I'm sure this question has been asked a gazillion times, so this makes it a gazillion and one....my darling husband has agreed after 26 years to brave the 11+ hour trip to Hawaii.  At first I was totally set on Kauai for the more laid back/less touristy atmosphere, the shear beauty of it, and the many, many reviews on TUG and TripAdvisor.  THEN came the kicker.  I found out that in the time frame we're looking at going (end of February-March) is a prime time for the humpback whales in the Auau Channel by Maui/Molokai/Lanai.  I am a self-professed whale freak.  Every other year we go to Cabo on the Pacific side specifically so I can sit on the beach for hours and watch the gray's & their babies coming down from Magdalena Bay.  I quite honestly can't see getting the DH to make the flight twice.  We are not late night bar hoppers, pretty much early to bed & early to rise.  Neither of us is much for crowds although I like to shop for local made items to bring home.  We're also not big food snobs and try to frequent local eateries the few times we do go out to eat.  Wherever we go we plan on using our RCI points to put in a search.  I would totally appreciate any and all feedback as I'm sitting on the fence right now and I know I have to get our RCI search in soon.  My husband, of course, is leaving it all up to me so he can do the husband thing and yell at me if he doesn't like where we end up!!  Thank you one and all....
Barb J.


----------



## Luanne

I am probably one of the few people here who isn't absolutely in love with Kauai.

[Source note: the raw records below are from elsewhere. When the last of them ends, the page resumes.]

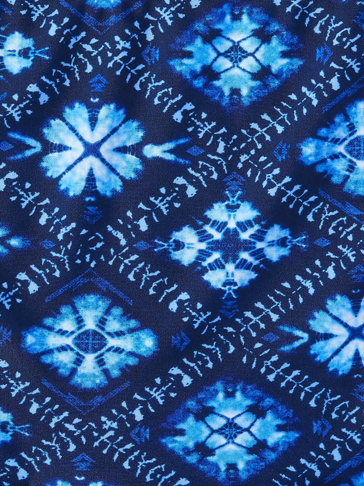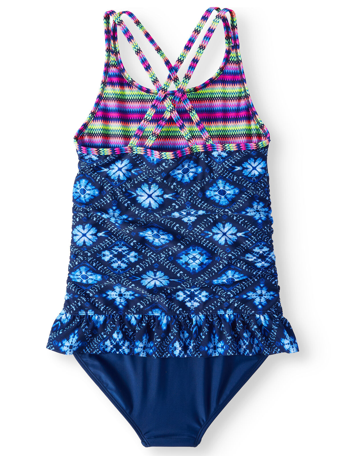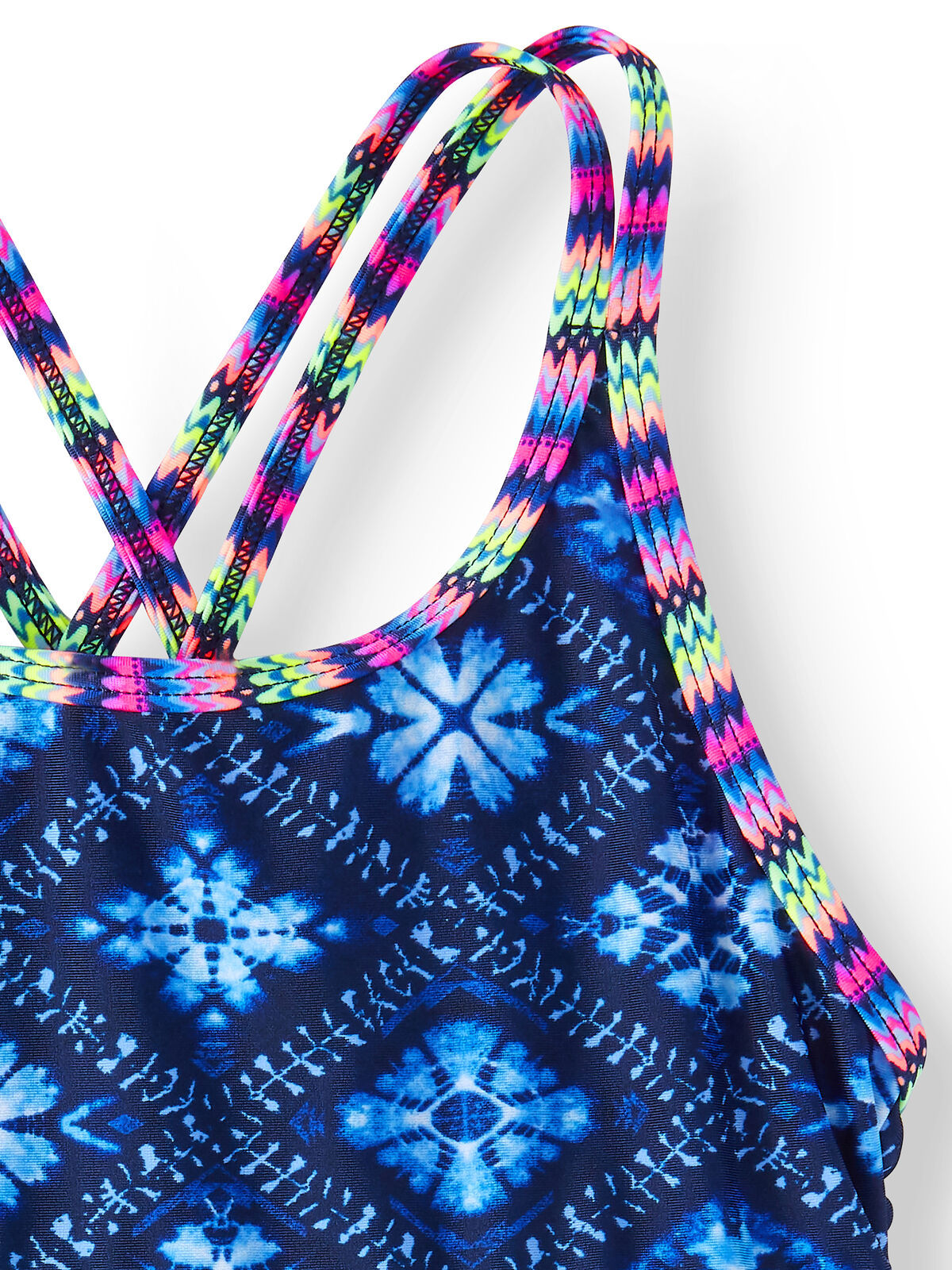 This girls one-piece swimsuit features double criss-cross straps, waist ruffle and cinching bodice details. The bold colorful mosaic print will make a statement while she' comforable and stylish.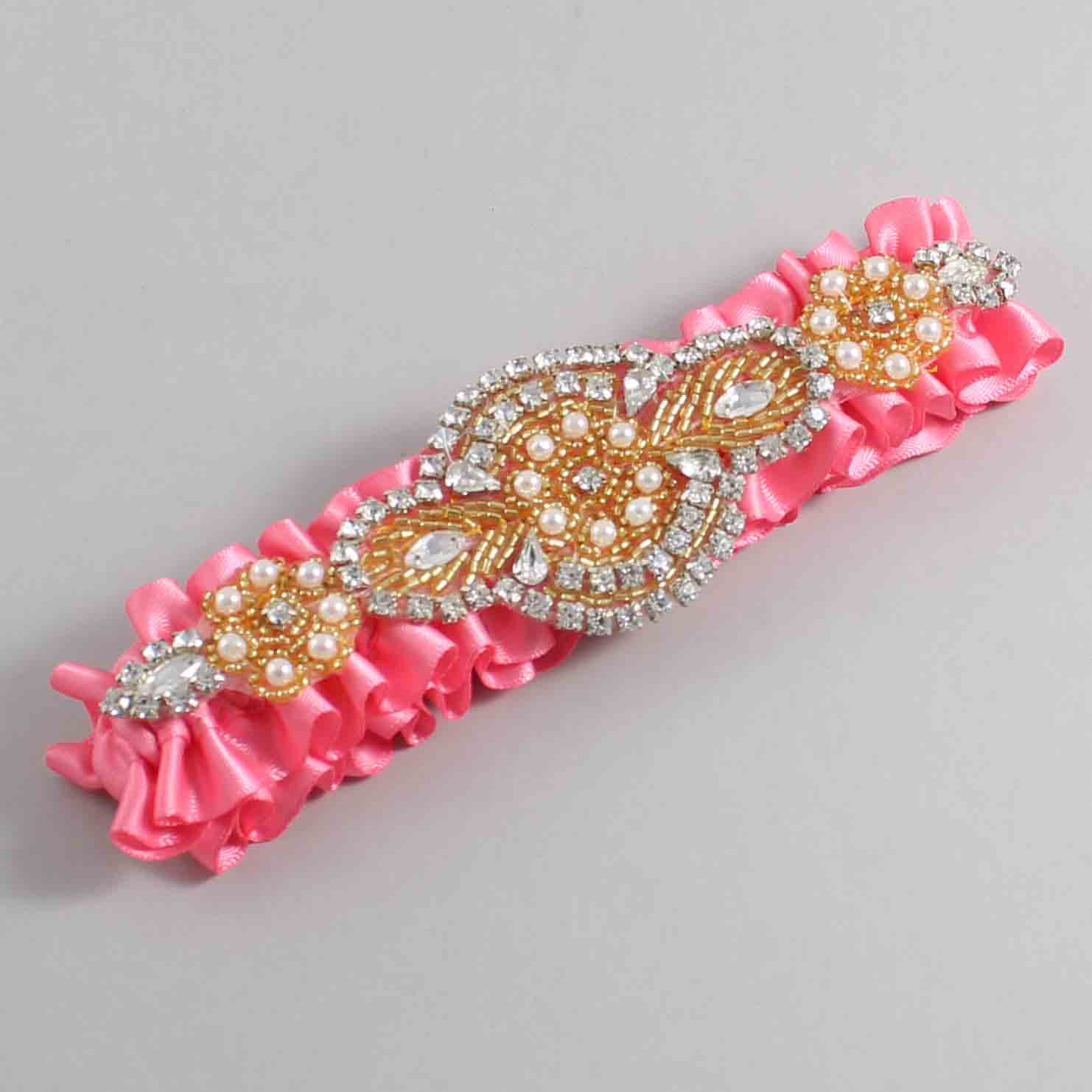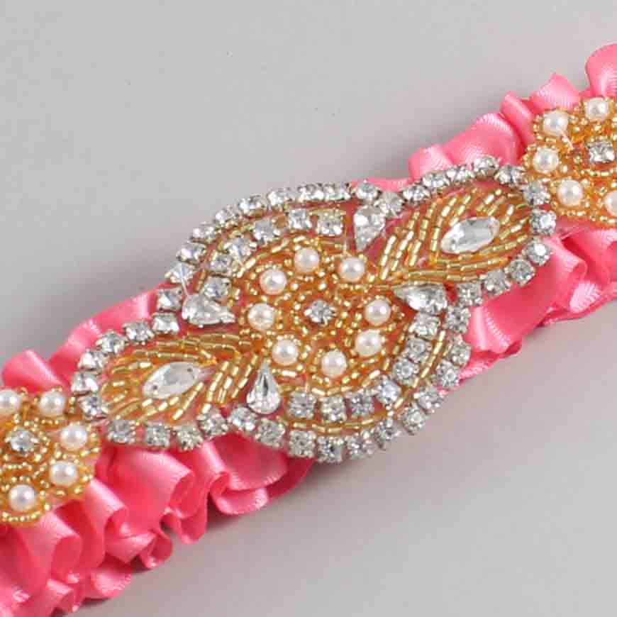 Coral Rose Satin with Gold Wedding Garter / Pink Wedding Garters / Charlotte #01-A05-(210-210)-Gold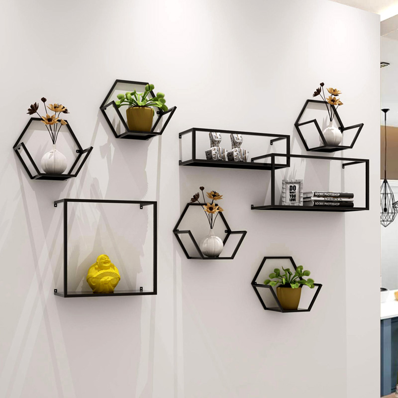 Nordic wall shelf creative wrought iron wall hanging simple bookshelf partition wall decoration flower stand living room display stand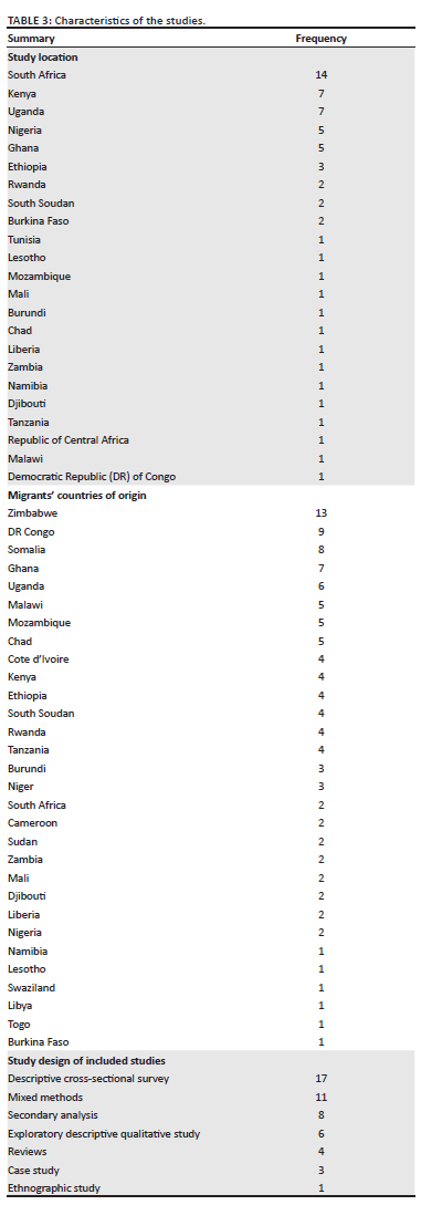 Table 3 describes the characteristics of the selected studies. Out of the 25 countries where data were collected, 26 out of the 50 studies (52%) were conducted in South Africa, Uganda and Kenya. Migrants came from 32 different African countries, but research on those originating from Zimbabwe, Democratic Republic of Congo, Somalia, Ghana and Uganda predominated, with several studies including migrants from several different countries in the host country. The number of publications per year was consistently small and showed no particular trend over time (Figure 2). Most studies were descriptive or mixed methods.

I say Maui.   (I'm probably only slightly prejudiced since we own there.)

We went this year in March for two weeks and ended up taking two whale watching trips.  Absolutely fabulous!


----------



## Egret1986

*I have had the same dilemma.  We were going  for first time in 2013.*



Beje said:


> I'm sure this question has been asked a gazillion times, so this makes it a gazillion and one....my darling husband has agreed after 26 years to brave the 11+ hour trip to Hawaii.  At first I was totally set on Kauai for the more laid back/less touristy atmosphere, the shear beauty of it, and the many, many reviews on TUG and TripAdvisor.  THEN came the kicker.  I found out that in the time frame we're looking at going (end of February-March) is a prime time for the humpback whales in the Auau Channel by Maui/Molokai/Lanai.  I am a self-professed whale freak.  Every other year we go to Cabo on the Pacific side specifically so I can sit on the beach for hours and watch the gray's & their babies coming down from Magdalena Bay.  I quite honestly can't see getting the DH to make the flight twice.  We are not late night bar hoppers, pretty much early to bed & early to rise.  Neither of us is much for crowds although I like to shop for local made items to bring home.  We're also not big food snobs and try to frequent local eateries the few times we do go out to eat.  Wherever we go we plan on using our RCI points to put in a search.  I would totally appreciate any and all feedback as I'm sitting on the fence right now and I know I have to get our RCI search in soon.  My husband, of course, is leaving it all up to me so he can do the husband thing and yell at me if he doesn't like where we end up!!  Thank you one and all....
> Barb J.



Flying from the East Coast, the biggest thing is that long, long flight.  I couldn't quite wrap my head around it for 2013, but definitely plan to start keeping my eye open for exchanges for 2014.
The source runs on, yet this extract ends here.